The stock market’s recent challenges mean that a number of stocks have relatively high dividend yields at the present time. As such, many investors may be seeking to improve their passive income through purchasing high-yielding stocks.
While this can be a sound strategy, considering a company’s dividend prospects over the long run could be a better idea. A high yield today may not translate into a growing and sustainable passive income in the coming years.
As such, focusing on dividend prospects, rather than solely on dividend yield, could be a shrewd move – especially after the market crash.
The dividend prospects for any business can be measured by their affordability, as well as by their potential to rise over the long term. In terms of affordability, there is little point in buying a stock with a high yield when its dividend payments are unlikely to be met over the medium term.
Therefore, assessing a stock’s headroom when making its shareholder payouts is a worthwhile move.
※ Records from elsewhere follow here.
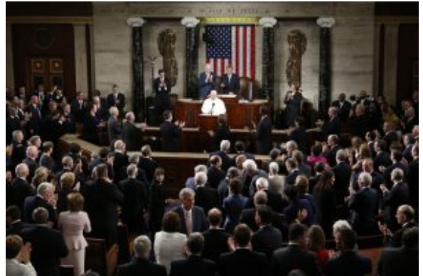
Standing where he ought not...

called “the separation of church and state” “a bunch of garbage”; all this proclaimed by leading Charismatics in the very heart, where the memorial of the Constitutional Republic was erected.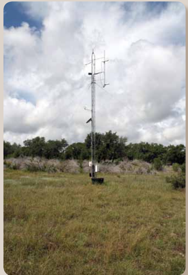
Figure 1. Evapotranspiration station in the treatment watershed at site TWS ET (U.S. Geological Survey station 295102098283200 Honey Creek treatment evapotranspiration near Spring Branch, Texas), Honey Creek State Natural Area, Comal County, Tex., July 23, 2010.

The U.S. Geological Survey (USGS), in cooperation with Federal, State, and local partners, examined the hydrologic effects of brush management in two adjacent watersheds (figs. 1 and 2). Hydrologic data were collected in the watersheds for 3–4 years (pre-treatment) depending on the type of data, after which brush management occurred on one watershed (treatment watershed) and the other was left in its original condition (reference watershed). Hydrologic data were collected in the study area for another 6 years (post-treatment). These hydrologic data included rainfall, streamflow (fig. 3), evapotranspiration (fig. 1), and water quality. Groundwater recharge was not directly measured, but potential groundwater recharge was calculated by using a simplified mass balance approach.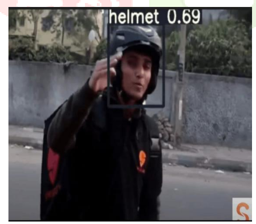
Figure 5 : Detecting wheather motorcyclist wearing helmet or not

Gather a dataset of images containing motorcyclists and background scenes. Resize and normalize the images to a consistent size, and label them accordingly.Choose a pre-trained convolutional neural network (CNN) model for feature extraction, such as VGG, ResNet, or MobileNet.Remove the classification layer of the selected CNN model and use the remaining layers to extract features from the images.Create a new classification model using Keras, consisting of the extracted features as input and a binary classification output (motorcyclist or non-motorcyclist). Draw bounding boxes around detected motorcyclists in the video feed to indicate their location.Evaluate the model's performance using a separate test dataset.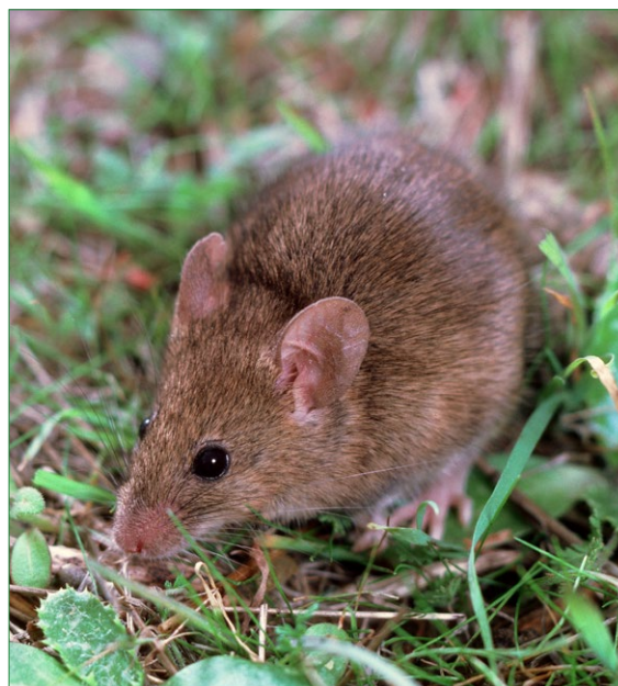
Figure 1. Adult house mouse, Mus musculus .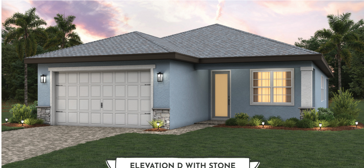
ELEVATION D WITH STONE

3 beds · 2 baths · 2-car garage · 1,720 sf a/c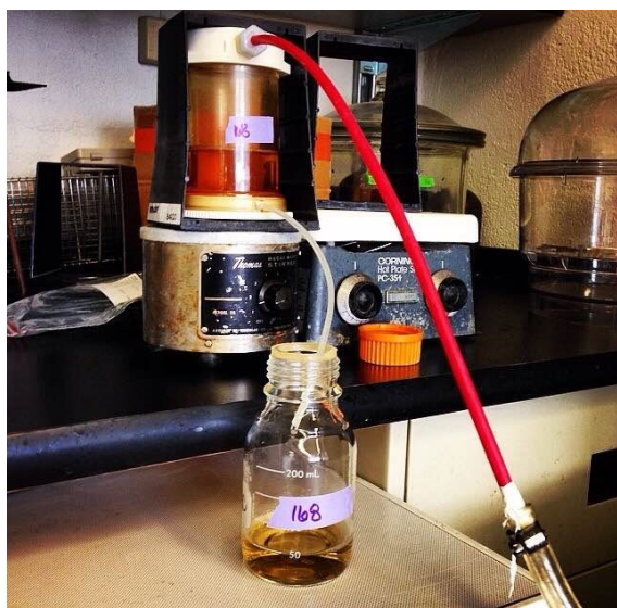
Figure 1. Amicon ultrafiltration setup. The ultrafiltration cells are connected to compressed nitrogen gas. The gas applies pressure, forcing the supernatant through the 100 kDa filter membrane. Vesicles stay in the concentrated supernatant while smaller proteins and liquid supernatant flow into waste container.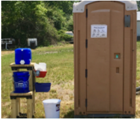
Adequate restroom facilities and hand wash stations with signage

Worker health and hygiene are important in ensuring that the employees do not contaminate product. Your operation’s personal hygiene and handwashing policies not only apply to you and your employees, but to visitors, buyers, product inspectors, auditors and other personnel in product handling areas, including the field. The food safety responsible individual must ensure compliance with these policies by all persons in produce handling areas, including an auditor.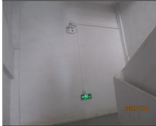
Photo of fire safety equipment Emergency light and evacuation sign in stair.JPG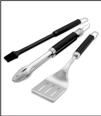
Precision tool set This premium set of tools, all with soft touch handle, includes a 3-sided beveled edge spatula, hands-free locking tongs and full-size silicone basting brush.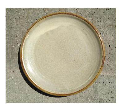
Coupe Plate, with iron rim Ash glaze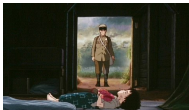
A scene from Grave of the Fireflies

Takahata and Miyazaki, who worked together so closely for years, have lately moved in different directions. Takahata is more interested in literary and film theory, more cerebral and less enamored of magic. His films are not for children, and “Grave of the Fireflies” could easily have been a live-action film. Takahata is sixty-nine, but he has a formidable head of dark hair and a handsome, unwrinkled face. “With Miyazaki, you have to totally believe in the world of the film,” Takahata told me. “He is demanding that the audience enter the world he has created completely. The audience is being asked to surrender.” He paused. “I want the audience to have a little distance. My relationship with him is limited now. We are friends but we don’t have a direct working relationship.”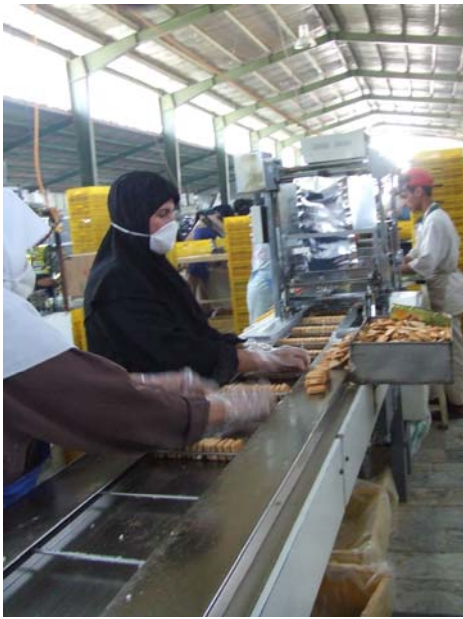
The Provincial Economic Development Project team in Herat Industrial Park.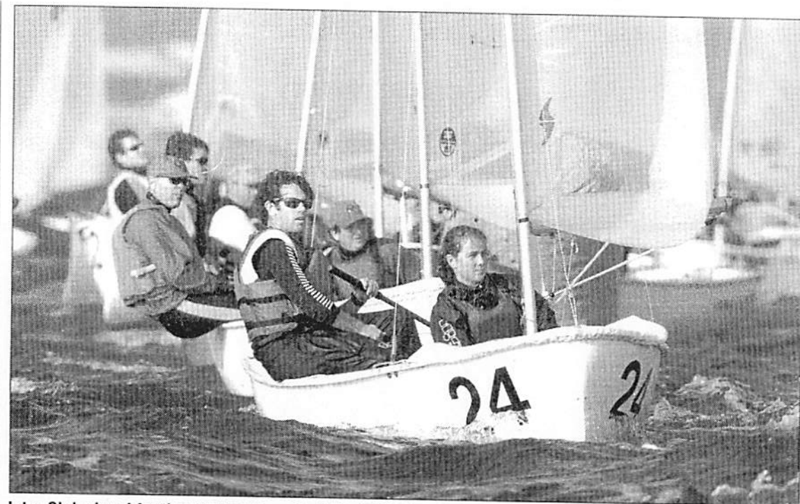
Inter Clubs head for the windward mark at the 2001 Frostbite Association's national regatta.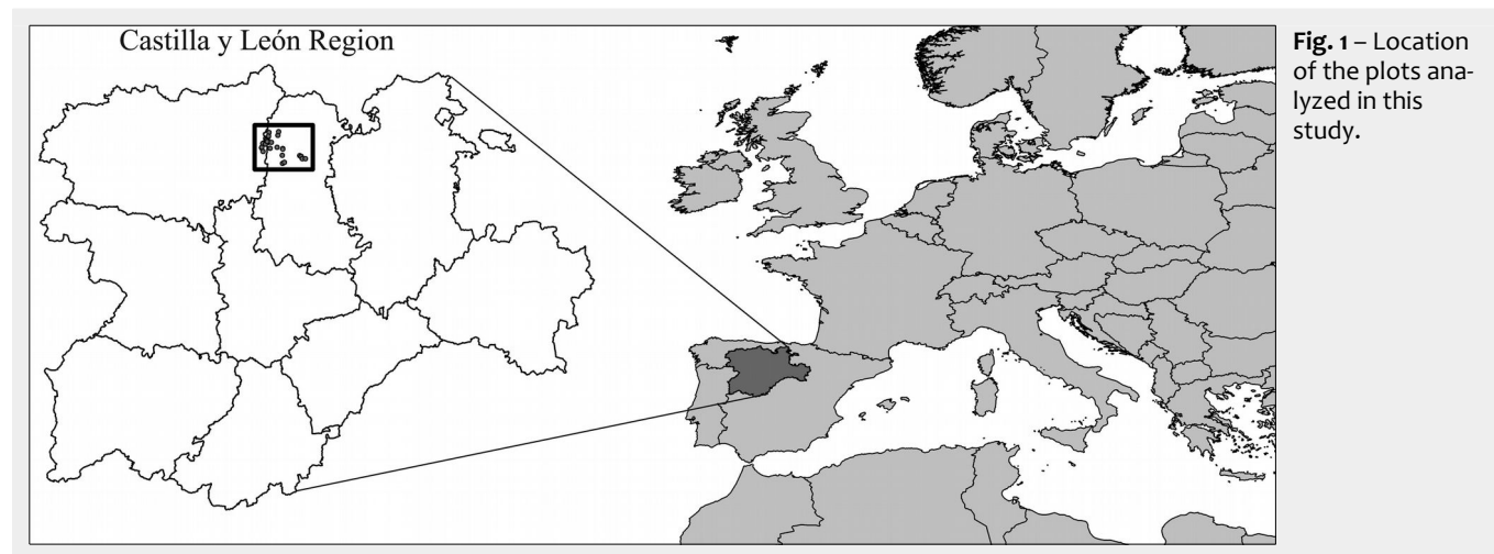
Fig. 1 – Location of the plots analyzed in this study.

the best predictors for forest productivity in Flanders, while Sharma et al. (2012) included several physiographic factors (latitude, aspect, slope) as well as soil depth, year of stand origin and sum of temperatures in their equations to predict site index for Scots pine in Norway. A discriminant model developed by Bravo-Oviedo & Montero (2005) for Pinus pinea L. in southeastern Spain also included textural parameters and, together with altitude, correctly classified 75% of the plots into their site index classes. Bravo et al. (2011) developed a discriminant model for Pinus pinea in Calabria (Italy) which correctly classified 61% of the stands using only two predictor variables: clay content and slope. Consequently, textural parameters (as well as physiographic parameters such as slope, latitude or altitude) are often included in site index models (Bravo & Montero 2001, Bravo-Oviedo et al. 2011, Aertsen et al. 2012, Sewerniak & Piernik 2012, Sharma et al. 2012).

This can be achieved by dividing net profit by dividends paid to determine how many times a company is able to make its shareholder payout. A figure of less than one suggests that dividends could be reduced in the near term.
As well as checking the affordability of a company’s dividends, it makes sense to consider their growth potential. This is arguably more subjective than considering dividend affordability, since it hinges to a large extent on the future profitability of the company in question. However, by considering its operating environment, past dividend growth, and the attitude of its management team towards reinvesting profits, it is possible to ascertain the likelihood for dividends to rise at a fast pace over the long term.
Clearly, at the present time the prospects for dividend stocks are relatively challenging. Investors may become cautious about the affordability and growth prospects of dividends across a range of companies.
However, history shows that while economic challenges can be painful in the short run, the global economy has always recovered from recessions to return to growth. Therefore, today could be a good buying opportunity while many stocks have high yields and low valuations. They may still be able to post resilient shareholder payouts and raise them at an above-inflation pace over the coming years.
Certainly, there may be less risky means of generating a passive income at the present time. You are less likely, for example, to lose money on cash or bonds. But those assets also fail to have the passive income potential of stocks, and would require a larger amount of capital to produce a similar income level due to their lower returns.
As such, now could be the right time to buy dividend shares to enjoy a relatively high passive income. By assessing their dividend prospects, in terms of affordability and growth potential, you can enjoy a higher income return.